Second of all, the Act also LEGALIZES wiretapping under conditions prescribed by it.
Third of all, what the statute prohibits to further discourage the acts penalized is the ADMISIBILITY IN EVIDENCE of the “communication or spoken word or the existence, contents, substance, purport, effect, or meaning of the (communication or spoken word) or any part thereof, or any information therein contained” so obtained or secured in violation its provisions.
On the first point, as a criminal statute, RA 4200 should be construed strictly against the state and liberally in favor of the accused.
On the second point, if the communication is not private, the statute is not supposed to apply.
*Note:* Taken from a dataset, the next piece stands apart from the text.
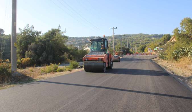 Bin 300 metrelik yolda bir süre önce yol güvenliği çalışmaları çerçevesinde zemin güçlendirme ve iyileştirme çalışması yapan ekipler, asfalta hazırlık çalışmalarının ardından sıcak asfalt serimine geçti.

Now, is a communication between the President and a COMELEC official about the conduct of a presidential election private? (Note: I am focusing my question to this and only this portion of the recorded communication in the tape).
On the third point -
a) If the record of the communication or spoken word is used in a “judicial, quasi-judicial, legislative or administrative hearing or investigation” but not introduced in evidence, and therefore there is no occasion to consider its ADMISSIBLITY, is the statute violated? (This could essentially be the point of Senator Chiz Escudero in another dimension as further elaborated by lawyer Jaxius here.)
b) If the introduction in evidence of the so-called “poisoned fruit” is being attempted in such a trial, hearing or investigation, who is the proper party to object to its admissibility?
c) May the objection be waived or is the right to object on ground of admissibility essentially waivable since it is a PRIVATE right?
d) In the case of President Gloria Macapagal-Arroyo, if her privacy right has been violated, is she not deemed to have waived it by virtue of her public acknowledgement of the content of the recording in the “lapse in judgment” speech? Or as the country’s chief law enforcer, should she not waive her private right in the public interest?
e) Is PGMA deemed to have authorized the wiretapping by her conduct of not faithfully executing the law against probable violators and therefore barred from availing of the benefits under the law, if any?
f) Since Garci denies he is the same person whose voice is recorded on the tape in question, could he be at any time an improper party to object to its admissibility?
g) When is it seasonable to object, at any time reference is made to the tape or only at such time that the tape is being introduced in evidence, which the tape being essentially a “real” (not a testimonial) evidence should be at the “offer of evidence” stage of the trial, hearing or investigation?
FINALLY, considering the well-nigh plenary nature of policymaking by Congress, may the SC interfere via a TRO with congressional hearing in aid of legislation? On the other hand, may Congress assert its prerogative to cite anyone in contempt who is enforcing such TRO, if so issued?